In summary, Mobile AR has many paths leading to it. It is this convergence of various paths that makes a true historical appraisal of this technology difficult to achieve. However, I have highlighted facets of its contributing technologies that assist in the developing picture of the implications that Mobile AR has in store. A hybridisation of a number of different technologies, Mobile AR embodies the most gainful properties of its three core technologies: This analyst sees Mobile AR as a logical progression from VR, but recognises its ideological rather than technological founding. The hardware basis of Mobile AR stems from current mobile telephony trends that exploit the growing capabilities of Smartphone devices. The VR philosophy and the mobile technology are fused through the Internet, the means for enabling context-based, live-updating content, and housing databases of developer-built and user-generated digital objects and elements, whilst connecting users across the world.
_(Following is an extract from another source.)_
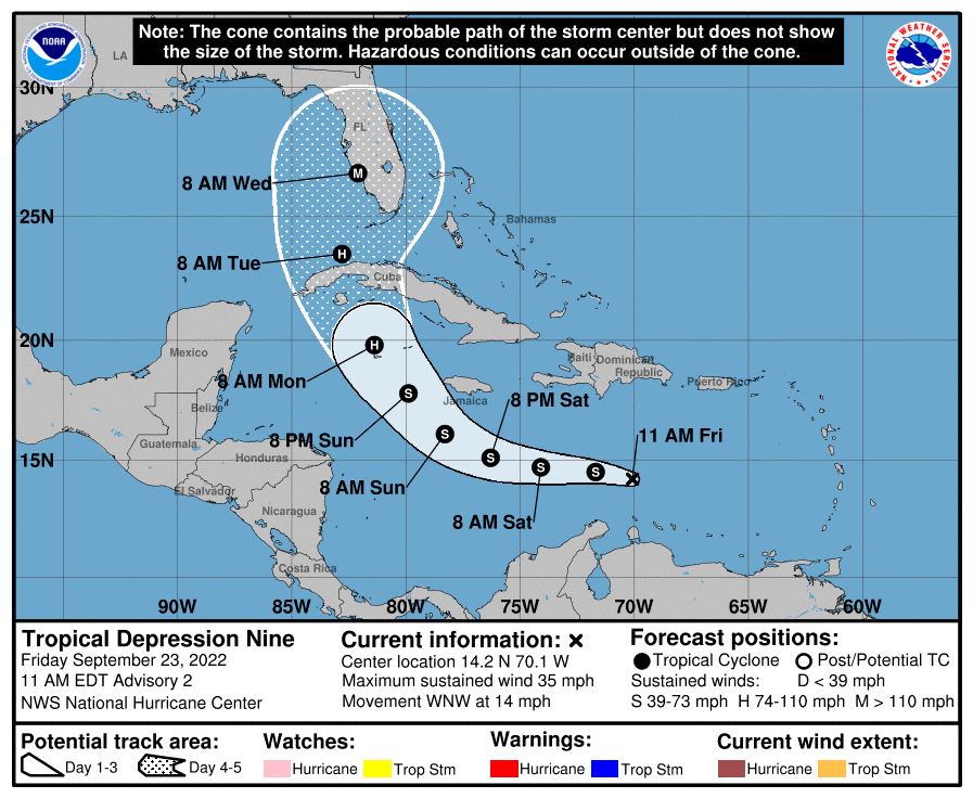 HOLT, Fla., Sept. 23, 2022— The National Hurricane Center upgraded Invest 98 to Tropical Depression Nine this morning and is forecasting it to develop into a major hurricane before it reaches Florida’s west coast next week.

I have shown that where the interest in VR technologies dwindled due to its limited real-world applicability, Mobile Internet also lacks in comparison to Mobile AR and its massive scope for intuitive, immersive and realistic interpretations of digital information. Wearable AR computing shares VR’s weaknesses, despite keeping the user firmly grounded in physical reality. Mobile AR offers a solution that places the power of these complex systems into a mobile telephone: the ubiquitous technology of our generation. This new platform solves several problems at once, most importantly for AR developers and interested Blue-chip parties, market readiness. Developing for Mobile AR is simply the commercially sensible thing to do, since the related industries are already making the changes required for its mass-distribution.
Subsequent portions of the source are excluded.